Six datasets generated by three kinds of mass spectrometry platforms (LCQ, LTQ and LTQ/FT) were used to demonstrate the performance of the nonparametric model. Three control datasets were used to validate the accuracy of the FPR estimation and the improvement of the sensitivity. Since the MS/MS datasets generated by the shotgun technique are always large, we also verified the generality of the nonparametric model on the large real sample datasets. The basic information about the six datasets is listed in Table 6.
The two unpublished LTQ/FT datasets were provided by Beijing Proteome Research Center (BPRC). The samples were digested with trypsin and then analyzed by a 7Tesla LTQ/FT mass spectrometer (Thermo Electron, San Jose, CA) coupled with an Agilent 1100 nanoflow liquid chromatography system. The reverse phase C18 trap columns (300 μ m internal diameter × 5 mm long column) were connected with the 6port columnswitching valve for the online desalting. A PicoFritTM tip column (BioBasic C18, 5 μ m particle size, 75 μ m internal diameter × 10 cm long column, 15 μ m internal diameter at spray tip, New Objective, Woburn, MA, USA) was used for the following separation. Elution was solvent A (MilliQ water, 2 % acetonitrile and 0.1%FA, v/v/v) and solvent B (MilliQ water, 80% acetonitrile and 0.1%FA, v/v/v). The gradient was 15–40% B in 40 min, 40–100% B in 10 min. One FT full MS scan was followed by 5 datadependent LTQ MS/MS scans on the five most intense ions. The dynamical excluding time was 45 seconds. Ions were accumulated in linear ion trap controlled by AGC. The AGC values were 5 × 10^{5} charges for FT full MS scan and 1 × 10^{4} charges for LTQ MS/MS scan. The resolution was 10,000 for FT full MS scan at m/z 400. The temperature of the ion transfer tube was set at 200°C and the spray voltage was 1.8 KV. The isolation width was 4Da and normalized collision energy was 35% for MS/MS scan. Mass spectra were acquired over the m/z range from 400 to 2000.
All the MS/MS spectra were extracted from the *.raw files by Extract_MSn.exe which is a console program in Bioworks 3.2 (Thermo Finnigan, San Jose, CA). For the LCQ datasets, the minimal total ion intensity is 10,000. For the LTQ or LTQ/FT datasets, the total ion intensity of each MS/MS spectrum is required to exceed 100. For all the datasets, the spectra must have at least 20 ions. Then the database search was performed on a local TurboSEQUEST (version 2.7) server. The fixed modification of oxidation (15.99Da) on the Met residue and the variable modification of carboxyamidomethylation (57.02Da) on the Cys residue were set. The enzyme was trypsin and the maximal allowed missed cleavage sites was 2. Only the b and y ions were taken into account. For the LCQ or LTQ datasets, the precursor mass error tolerance was 3.0Da, and for the LFQ/FT datasets, it was 15ppm.
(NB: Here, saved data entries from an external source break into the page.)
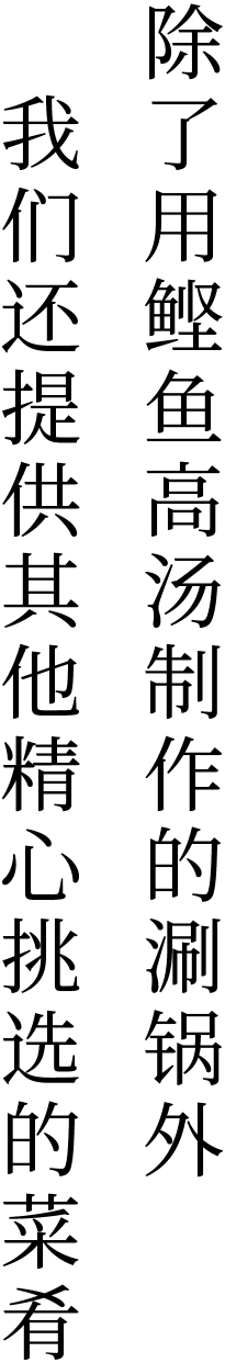 ※选择涮锅时,两位以上的顾客最少需点2人份以上。但若是一个人用餐,则涮锅可选1人份。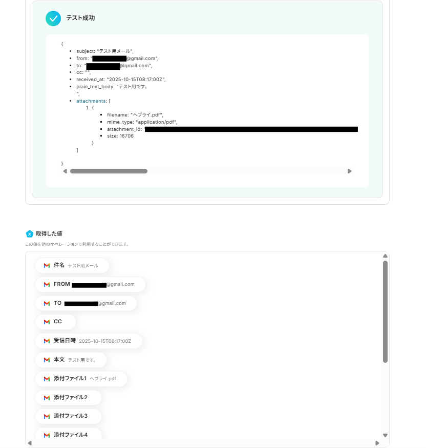 ※後続のGmailのトリガー設定時のテストで必要になります。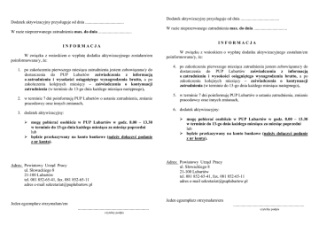 Dodatek aktywizacyjny przysługuje od dnia ..................................... W razie nieprzerwanego zatrudnienia max. do dnia ................................ W razie nieprzerwanego zatrudnienia max. do dnia ................................ INFORMACJA INFORMACJA W związku z wnioskiem o wypłatę dodatku aktywizacyjnego zostałam/em poinformowana/y, że: 1. po zakończeniu pierwszego miesiąca zatrudnienia jestem zobowiązana/y do dostarczenia do PUP Lubartów zaświadczenia z informacją o zatrudnieniu i wysokości osiągniętego wynagrodzenia brutto, a po zakończeniu kolejnych miesięcy – zaświadczenia o kontynuacji zatrudnienia (w terminie do 13-go dnia każdego miesiąca następnego), 2. w terminie 7 dni poinformuję PUP Lubartów o ustaniu zatrudnienia, zmianie pracodawcy oraz innych zmianach, 3. dodatek aktywizacyjny: mogę pobierać osobiście w PUP Lubartów w godz. 8.00 – 13.30 w terminie do 13-go dnia każdego miesiąca za miesiąc poprzedni lub będzie przekazywany na konto bankowe (należy dołączyć podanie z nr konta). W związku z wnioskiem o wypłatę dodatku aktywizacyjnego zostałam/em poinformowana/y, że: 4. po zakończeniu pierwszego miesiąca zatrudnienia jestem zobowiązana/y do dostarczenia do PUP Lubartów zaświadczenia z informacją o zatrudnieniu i wysokości osiągniętego wynagrodzenia brutto, a po zakończeniu kolejnych miesięcy – zaświadczenia o kontynuacji zatrudnienia (w terminie do 13-go dnia każdego miesiąca następnego), 5. w terminie 7 dni poinformuję PUP Lubartów o ustaniu zatrudnienia, zmianie pracodawcy oraz innych zmianach, 6. dodatek aktywizacyjny: mogę pobierać osobiście w PUP Lubartów w godz. 8.00 – 13.30 w terminie do 13-go dnia każdego miesiąca za miesiąc poprzedni lub będzie przekazywany na konto bankowe (należy dołączyć podanie z nr konta). Adres: Powiatowy Urząd Pracy ul. Słowackiego 8 21-100 Lubartów tel. 081 852-65-41, fax. 081 852-65-11 adres e-mail [email protected] Adres: Powiatowy Urząd Pracy ul. Słowackiego 8 21-100 Lubartów tel. 081 852-65-41, fax. 081 852-65-11 adres e-mail [email protected] Jeden egzemplarz otrzymałam/em Dodatek aktywizacyjny przysługuje od dnia ..................................... .................................................................... czytelny podpis Jeden egzemplarz otrzymałam/em .................................................................... czytelny podpis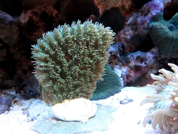 Description: Small colonies have encrusting, laminar or submassive bases with short columns or branches. Large colonies are hemispherical, consisting of compact fused branches. Branches are sometimes flattened towards their tips. Monticules are low and rounded. Tentacles are extended day and night; they are long and shaggy and of uniform length.
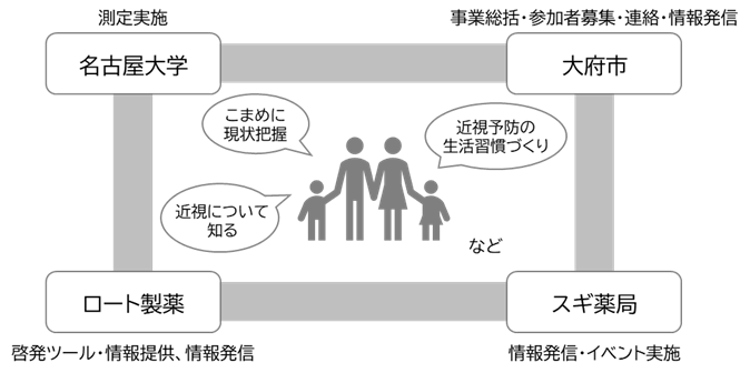 近年、子どもの近視の増加は深刻な社会課題となっています。近視になるのが早いほど、将来近視が強くなる傾向にあり※1、近視が強いほど将来失明につながる眼疾患のリスクが高まる※2とも言われています。近視の増加には遺伝要因もありますが、近年の増加は屋外活動の減少、近業作業の増加、就寝時間の変化など環境要因の影響が大きいと言われています。なお、成長段階にある子どもの頃が最も近視が進みやすく、この時期の重点的な予防・対策が重要です。この度、主体的な健康づくりを推進している愛知県大府市が「健康都市おおぶ」の先駆的な取り組みとして、「大府市子どもの近視予防プロジェクト」を立ち上げ、当社は大府市、株式会社スギ薬局および名古屋大学大学院医学系研究科眼科学・感覚器障害制御学教室と協力し、子どもの近視予防のための取り組み支援や啓発活動を進めてまいります。

For all the datasets except D2, which was searched against the database published by sPRG [55], the searched databases were derived from IPI Human 3.19 [60]. For the control datasets, the control sequences for dataset D1 and D3 [see Additional file 3, 4 and 5] including the sequences of purified proteins or peptides plus the typical sample contaminants such as keratin and trypsin were added into the IPI Human 3.19. The control sequences for D2 were determined according to the report of sPRG (see Additional file 4) [55]. The databases were constructed using the method proposed in one of our previous paper [58] and could be described as: the protein sequences in the normal database were digested in silico (trypsin), and then the amino acid residues (AAR) (except the one on the Cterminal) of the resulting peptides were reshuffled by using a random number generator. Then the reshuffled peptides were spliced to form new protein sequences in the randomized database. Finally, the normal database and the randomized database were merged to form the searched database.
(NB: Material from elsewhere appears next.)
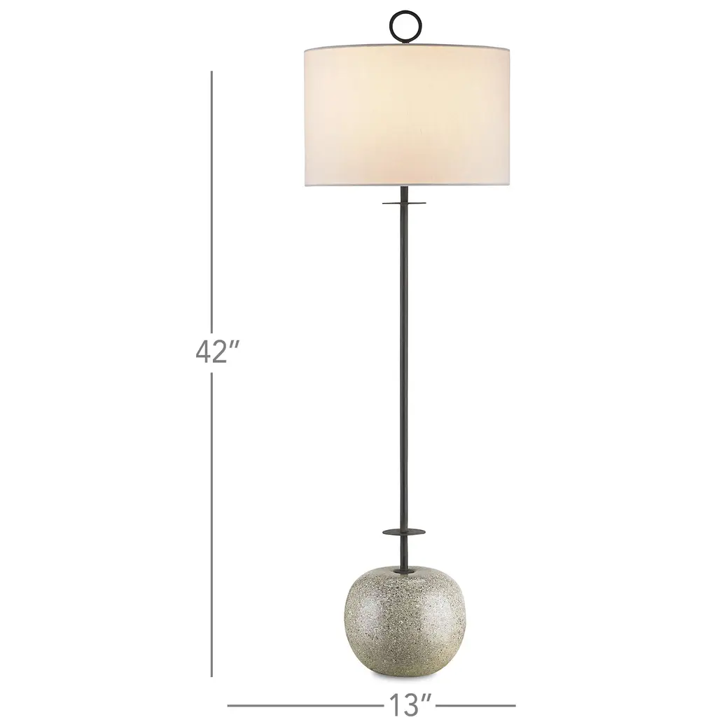 The statuesque Atlas Console Lamp is the master of its own world, weighted as it is by its globelike polished concrete base. The tall, slender body, its disc-like accents and the circular finial have been treated to a blacksmith finish. The proportion of the off-white linen shade on this lamp brings it a worldly charm.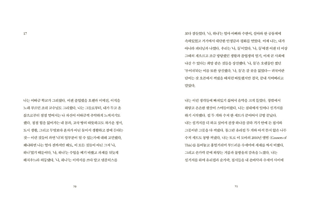 또한 <오하나>는 저자의 지극히 개인적인 동시에 고백적인 글이기도 합니다. 이 글은 한때 누군가의 아이였고 지금은 한 아이의 엄마가 된 저자의 사랑 고백입니다. <오하나>는 저자가 두고 떠나야 했던 그들, 즉 '남겨진 가족들'에게 바치는 편지입니다. 그런 의미에서 이 글은 저자의 가족에 대한 찬가로, 함께 보냈던 세월에 대한 감사의 끄덕임입니다.

After database searching, the matches with +1, +2 and +3 charge state were extracted (Table 7). For each spectrum, only the first rank match with an assigned peptide with more than 5 AAR was taken into account for further analysis. For the control datasets, the matches which were assigned peptides of control sequences were validated by the following criteria: 1) the bion or yion series should confirm at least 3 consecutive amino acids of the assigned peptide sequence [12], 2) ranked preliminary score (RSp) ≤ 50. The confirmed matches of control datasets were provided in the supplementary materials [see Additional file 6, 7 and 8).
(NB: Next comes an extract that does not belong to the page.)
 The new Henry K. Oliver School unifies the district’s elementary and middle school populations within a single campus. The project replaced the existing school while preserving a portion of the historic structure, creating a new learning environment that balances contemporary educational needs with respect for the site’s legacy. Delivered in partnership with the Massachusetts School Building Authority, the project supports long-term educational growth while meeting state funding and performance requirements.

The workflow of the nonparametric model based method
The workflow of the nonparametric model based method is shown in Figure 7. Firstly, a randomized database was constructed by randomizing the tryptic peptide sequence. Then the MS/MS spectra were searched against the combined database using SEQUEST. Then, matches with an assigned peptide from the randomized database (we call them randomized database matches, RDM) were used to build the nonparametric model. The joint distribution of selected parameters (such as Xcorr, ΔCn and Sim [31, 45]) of random matches was fit with the nonparametric model using the FnPDFe method and the contour lines of the estimated PDF, which are complex nonlinear functions, were used as candidate DFs. The actually used DFs were determined according to the expected FPR and formula 2 for different charge states. Finally, the resulting DFs were used to filter the matches from the normal database. In the modelbuilding step, kmeans clustering was used to initialize the EM algorithm procedure.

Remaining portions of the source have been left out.